A classic example of this tactic came in the move on 'tampon tax'. This is a financially miniscule issue – it accounts for £15 million in VAT a year – but it's powerfully symbolic. As VAT is a tax on luxury items, the fact it is levied on sanitary products is (rightly) considered proof by many feminists that the economic system is created by, and run for, men. Osborne actually messed this one up a bit by comparing it with the Libor fines against banks, something which triggered waves of baffled anger among feminist commentators online. But the technique is the same as always: Take this press-friendly thing here, make the conversation about that, and meanwhile do all the real work when no-one is looking.

As our guest blog from Sisters Uncut said today, since the Tories came to power 32 specialist refuges for survivors of domestic violence have closed, 31% of women referred to refuges have been turned away due to lack of space and 39% of domestic violence victims have been unable to access legal aid.
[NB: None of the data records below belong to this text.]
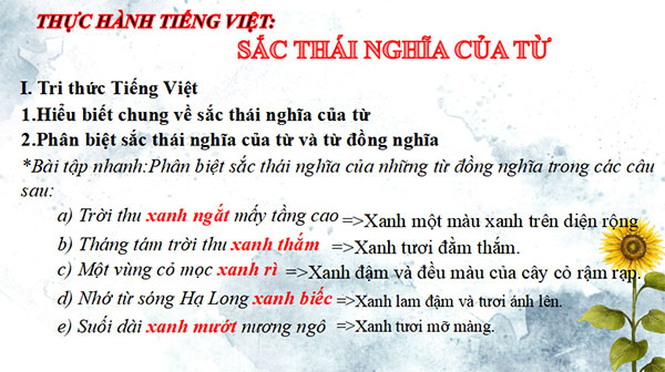 2. Phân biệt sắc thái nghĩa của từ và từ đồng nghĩa Ví dụ: Phân biệt sắc thái nghĩa của những từ đồng nghĩa trong các câu sau: a) Trời thu xanh ngắt mấy tầng cao b) Tháng tám trời thu xanh thắm c) Một vùng cỏ mọc xanh rì d) Nhớ từ sóng Hạ Long xanh biếc e) Suối dài xanh mướt nương ngô Trả lời: a) Xanh một màu xanh trên diện rộng b) Xanh tươi đằm thắm. c) Xanh đậm và đều màu của cây cỏ rậm rạp. d) Xanh lam đậm và tươi ánh lên. e) Xanh tươi mỡ màng.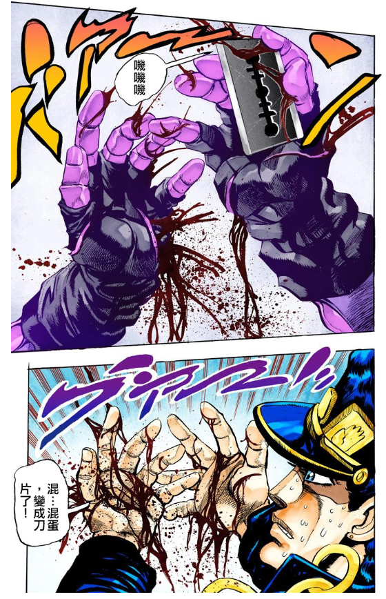 3.“女教皇”的变化速度非常快。当“女教皇”被承太郎的“白金之星”抓住时,在“白金之星”捏碎它的瞬间,它立刻又变化为锋利的刀片,割破了承太郎的手,从而逃之夭夭。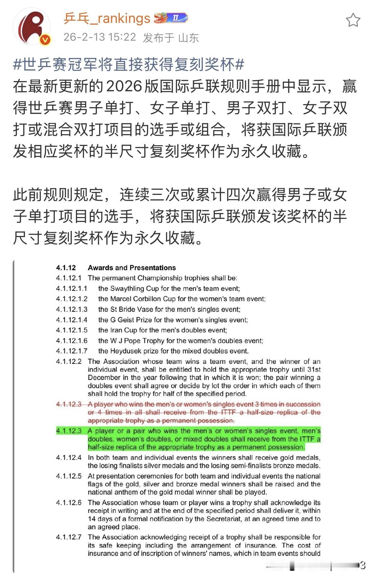 2026年开始,世乒赛冠军将直接获得复刻奖杯。 国际乒联最新公告,世乒赛所有项目,包括单打,双打,混双,将获得半尺寸的复刻杯, 以便大家收藏。 对比以前的连续三次或者累计四次,这确实是一个好消息。 多哈世乒赛,王楚钦,孙颖莎,单打和混双,都还没有给到复刻杯。 王楚钦孙颖莎的混双已经连续三次夺得冠军,按照以前的规定,也将会获得复刻杯。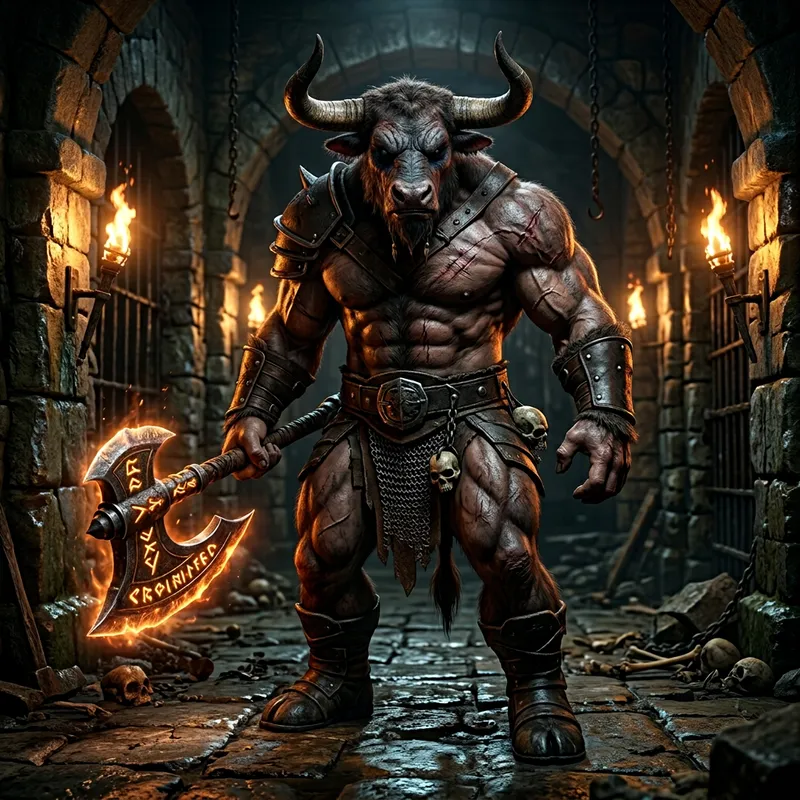 Detailed Minotaur with Glowing Axe Art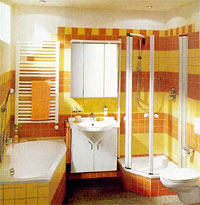 В глянцевых журналах ванная комната выглядит как роскошный салон. Сияние и блеск, каждая мелочь на своей полочке, из окна можно любоваться прекрасной природой и облаками, проплывающими по небу. Есть место тренажеру, солярию, кушетке для отдыха. А что мы имеем в типовом жилье? Совмещенный санузел площадью 3-5 кв. метра, который и комнатой-то не решишься назвать. Но если дизайнер берет на вооружение девиз "лучше меньше, да лучше", результат может оказаться впечатляющим.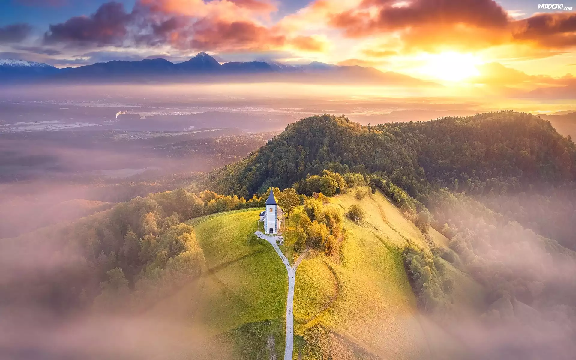 Kościół św Primusa i Felicjana, Wzgórze, Chmury, Mgła, Wschód słońca, Góry, Las, Drzewa, Jesień, Wieś Jamnik, Słowenia |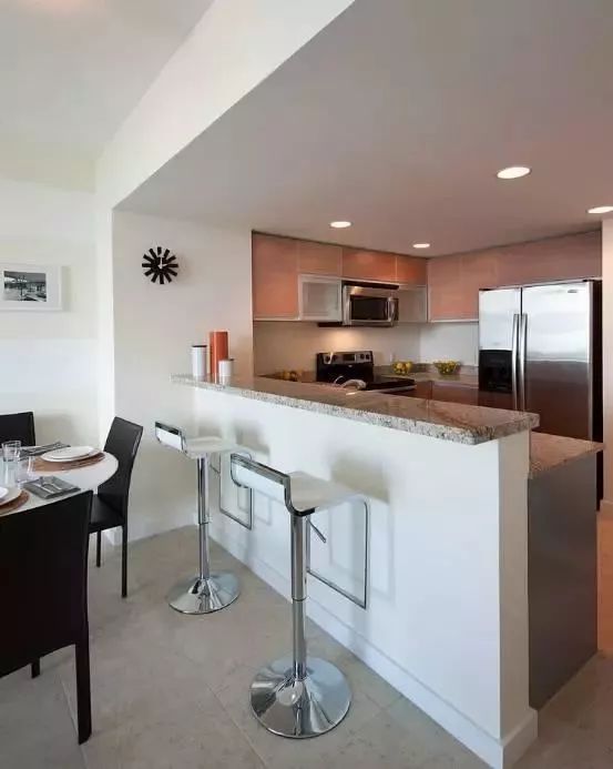 其实在餐厅中设一个吧台来代替餐桌,已是很常见,当然这也是比较实用的。
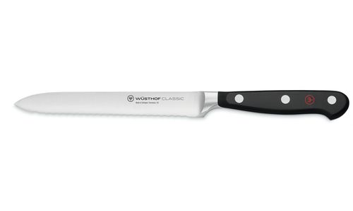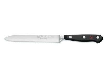De perfecte hulp voor het bereiden van je lunchpakket of bij de brunch: dankzij de fijne kartelrand snijdt dit broodjesmes niet alleen schoon en zonder te scheuren door broodjes, maar is ook geschikt voor groenten (zoals stevige tomaten), fruit of droge worst. Dit maakt het tot een integraal onderdeel van de bereiding van broodjes en op de brunchtafel, idealiter naast ons kaasmes.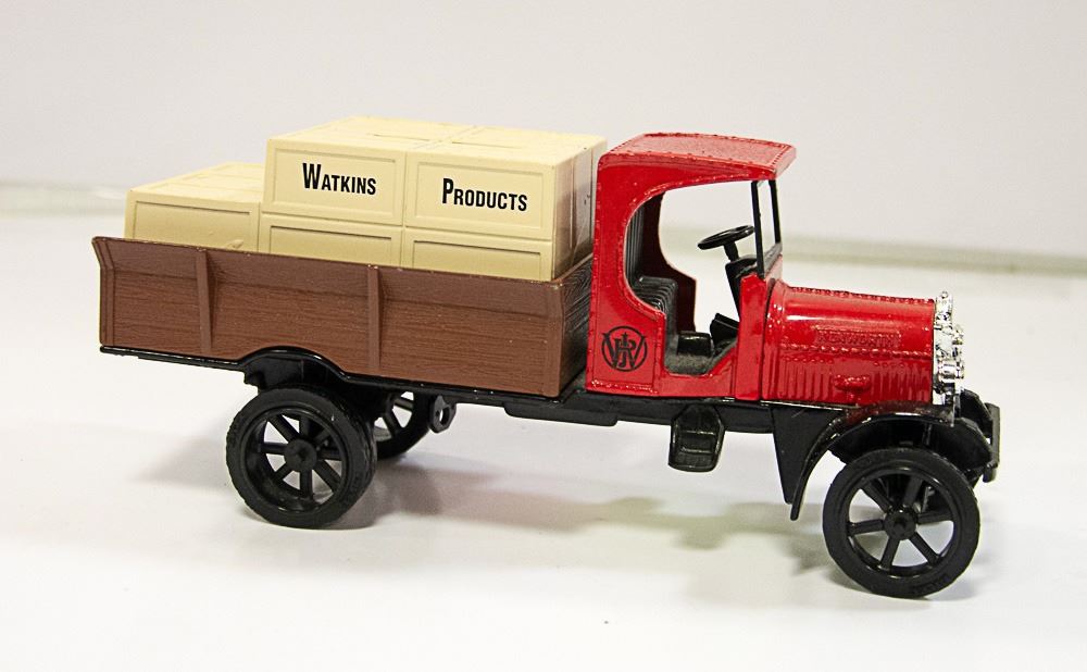 WATKINS PRODUCTS RED/WHITE TRUCK PIGGY BANK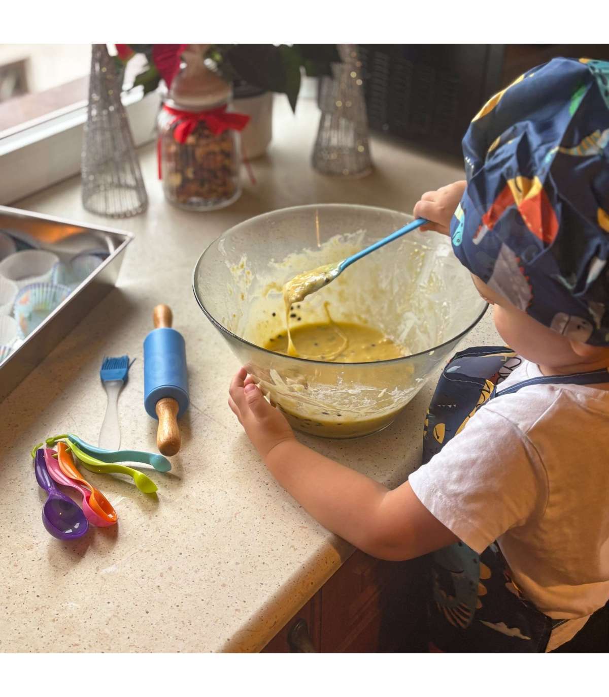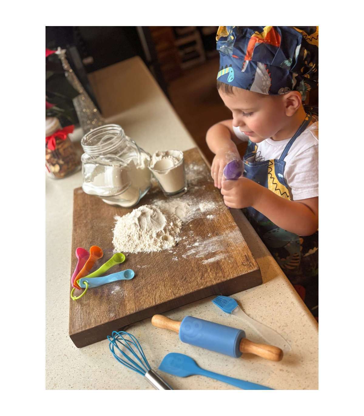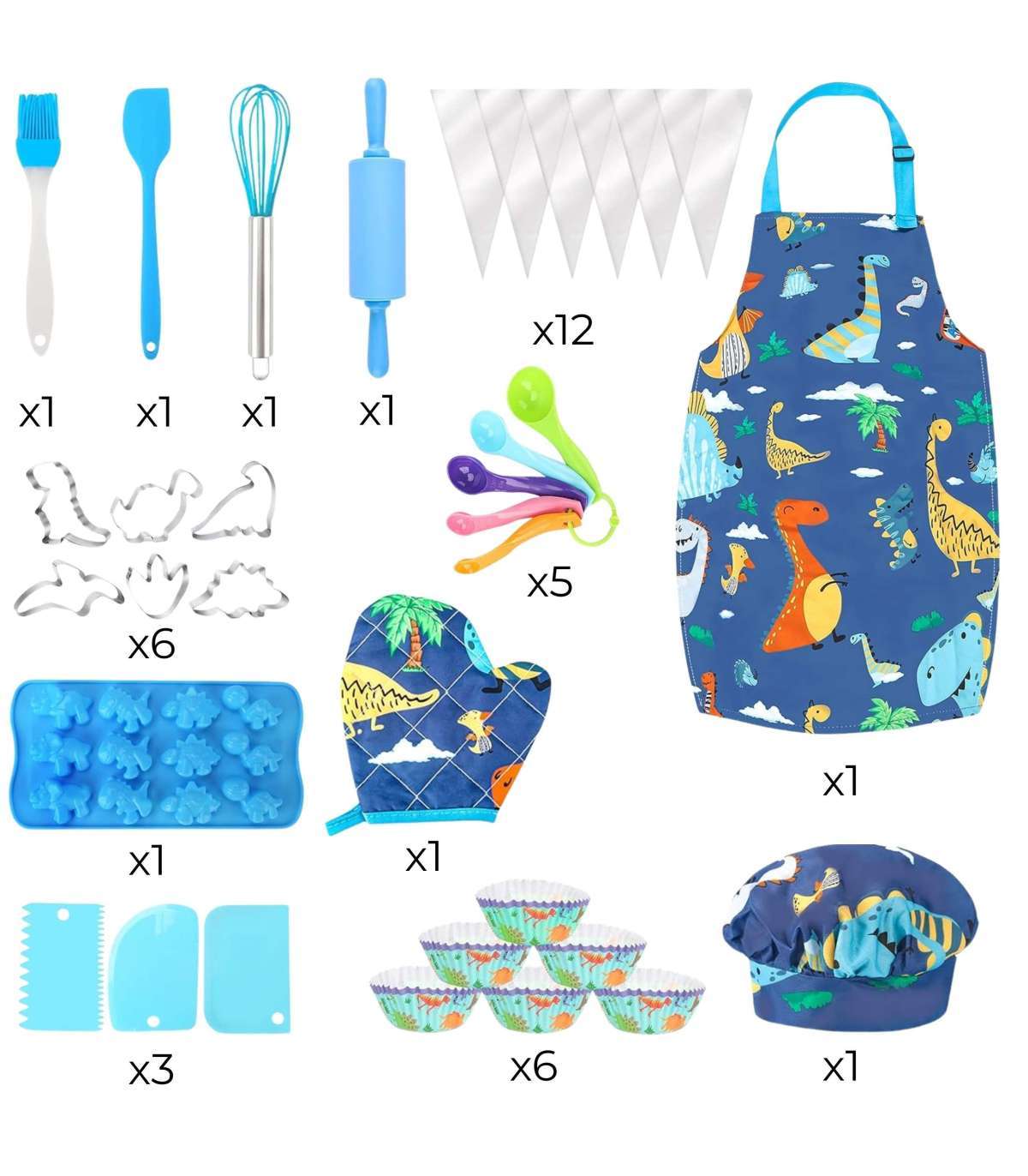 Przenieś zabawę do kuchni! Dino Zestaw Małego Kucharza marki WOOPIE to kolorowy zestaw akcesoriów kuchennych dla dzieci, który łączy naukę z kulinarną frajdą. Uroczy fartuszek i czapka z motywem dinozaurów, bezpieczne narzędzia oraz silikonowe foremki zachęcają do wspólnego gotowania. Regulowane paski, miękki materiał i lekkie przybory sprawiają, że zestaw jest wygodny i dopasowany do małych rączek.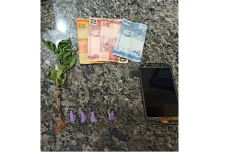 O jovem contou que o celular seria da irmã, que ela utilizava apenas como lanterna, pois estava sem o chip. O rapaz disse que os pés de maconha seriam dele. Na casa do suspeito, no quintal, a equipe encontrou dois pés de maconha pequenos e no quarto do suspeito, quatro pinos com cocaína.

But don't worry about that. Look over there: shiny things.

The other example is tax credits. Following a tabloid backlash and a defeat in the Lords, Osborne said he was going to come back with new plans. As it happens, he abandoned the £1,300 cuts to tax credits altogether. It's not quite clear where the cost has fallen, but prizes for anyone who guesses that it'll be on housing benefit, universal credit and childcare eligibility. The working poor will still pay. But again, don't worry about it. Look over there at the shiny things.

The tax credit U-turn will lead most editions today. Osborne took that hit, knowing Labour wasn't strong enough to profit from it. By tomorrow we'll all be talking about David Cameron's fight to bomb Syria in the Commons. After that, the debate will be long gone. But the measures undertaken today will remain.

Three: Over-egg pre-briefings

Osborne's team have done a very good job of lowering expectations in the weeks ahead of the spending review. During this period, they tend to massage apprehension. They would have known for some time that they were planning a full U-turn on tax credits, but they were careful to suggest that Osborne would be pursuing something less than that. Even though Theresa May was late to No.11 with her budget plans, they also knew they'd save the police, but that was not the message earlier in the week. No matter how bad the situation, Osborne makes it look worse so what he eventually ends up doing will be seen as tolerable.

Four: Backload risk

Osborne's last trick is one you can only really achieve with a compliant media. He's loved and respected enough by the mostly Tory-supporting press establishment that no-one really holds him to account for the goals he himself sets. The deficit, you may remember, was already supposed to be gone. Actually, that was the entire message of the Tories 2010 election campaign. And yet here we still are, planning for the next half decade of deficit reduction.

Similarly, the Office for Budget Responsibility (OBR) said Osborne will breach his own welfare cap in three successive years from 2016 to 2019.

Osborne's current spending reduction plans are incredibly tight, despite the extra leeway given to him by a positive outlook from the OBR. That takes the power to deliver on his promises out of his hands. If there is an international slow-down, which there are already signs of, his timetable will suddenly be out of reach.

But it just doesn't matter. The Tories completely failed to balance the budget by 2015 and they got elected on a financial competence ticket anyway. Osborne doesn't care that he almost certainly won't be running a surplus by 2020. It's immaterial. The press is on his side, most of the political class is signed up to austerity and the opposition is a mess anyway.

So he can afford to use these big-ticket spending promises because the risk is back-loaded to four years' time, when no-one will care anyway. We have literally heard less about Osborne failing his own central economic targets than we have about Ed Miliband eating a bacon sandwich. Osborne knows that and uses it to his advantage.